I am also experiencing this issue, but I don't get it at login. I get it while syncing files with the windows desktop client, apparently for each request that is being authenticated, I get a login failed message.

I am running version 10.0.7.2
with the desktop client 2.4.1 (build 9270)

For authentication the app password is being utilized.

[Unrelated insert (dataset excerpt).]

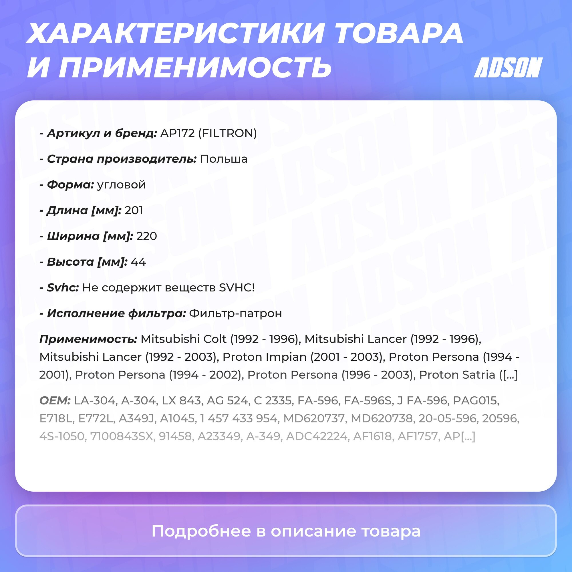 Фильтр воздушный FILTRON AP 172 для Mitsubishi Colt 1.3-1.8 92-96 / Lancer 1.6 16V 92> изготовлен с помощью современных фильтрующих материалов, созданных, в частности, на основе целлюлозных или синтетических волокон. Эти материалы обеспечивают эффективность фильтрации на уровне 99,9% для частиц размером всего в несколько микрон.Фильтрующая среда, стойкая к распространению огняВсе воздушные фильтры марки FILTRON имеют фильтрующие среды, которые, в соответствии с классом горючести F1 или S1, не поддерживают огонь (способствуют самоугасанию пламени) и могут защитить пассажиров от пожара транспортного средства в случае всасывания окурка сигареты в систему подачи воздуха.Прочные прокладки воздушных фильтров, обеспечивающие герметичностьДля производства прокладок воздушных фильтров используется уникальная смесь полиуретана, отличающаяся упругостью и устойчивостью к сжатию в экстремально высоких температурах. Благодаря исключительным свойствам прокладок, воздушные фильтры FILTRON сохраняют герметичность в корпусе даже в очень сложных условиях эксплуатации.Складки стабилизированы с помощью перфорированного покрытияСкладки (гофры) воздушных фильтров FILTRON стабилизируются с помощью специального перфорированного покрытия, предотвращающего слипание соседних складок. Благодаря равномерному распределению складок, воздух фильтруется всей поверхностью фильтрующего материала, способствуя полному использованию мощности двигателя.

{"reqId":"4792bf79-e77f-47bd-b814-16f3b7d5f736","level":2,"time":"2018-04-19T17:12:13+00:00","remoteAddr":"fe80::XXXX:XXXX:XXXX:XXXX","user":"kof","app":"core","method":"PROPFIND","url":"\/owncloud\/remote.php\/dav\/files\/kof\/raft\/simpleRaft-master\/simpleRaft","message":"Login failed: 'kof' (Remote IP: 'fe80::XXXX:XXXX:XXXX:XXXX')"}

{"reqId":"ecae8d4f-961a-4742-8732-41b2657f90ec","level":2,"time":"2018-04-19T17:12:18+00:00","remoteAddr":"fe80::XXXX:XXXX:XXXX:XXXX","user":"kof","app":"core","method":"PROPFIND","url":"\/owncloud\/remote.php\/dav\/files\/kof\/raft\/simpleRaft-master\/simpleRaft\/boards","message":"Login failed: 'kof' (Remote IP: 'fe80::XXXX:XXXX:XXXX:XXXX')"}

same problem here we cannot login in to GUI at all
{"reqId":"cuffTIUiLGzN3QYKJGqr","level":2,"time":"2018-06-26T22:51:05+00:00","remoteAddr":"x.x.x.x","user":"chris","app":"core","method":"GET","url":"\/apps\/files\/","message":"Login failed: 'owncloud' (Remote IP: 'xx.xx.xx.xx')"} {"reqId":"cuffTIUiLGzN3QYKJGqr","level":2,"time":"2018-06-26T22:51:06+00:00","remoteAddr":"xx,xx,xx,xx,","user":"--","app":"core","method":"GET","url":"\/apps\/files\/","message":"Login failed: 'owncloud' (Remote IP: 'xx.xx.xx.xx)"}
is there an update or fix for this problem it stopping us from using owncloud?

my vers is 10.0.8-1+1.1

Can you guys who are still having the error confirm that you are using database users and logging in with email address ? This would align with https://github.com/owncloud/core/issues/28234#issuecomment-369550108

@djgrubson the bug above is only about bad login entries in the log, not about being unable to log in at all. Please raise a separate ticket with your environment details as it's likely a different issue.

Same applies for anyone here who cannot login at all, not just having the log filled with entries but being able to login.

This will help better analyze the issue without getting into misunderstandings due to talking about different issues. Thanks

also important to mention in your env, whether you are using fail2ban based on scanning for such entries, in which case bogus entries could prevent a login if they happen too often

@PVince81 I have stopped fail2ban and now can login in into UI, thanks for pointing this out.
Thanks for help all.

I also had auth_basic enabled in nginx which I heard doesn’t really work well with owncloud?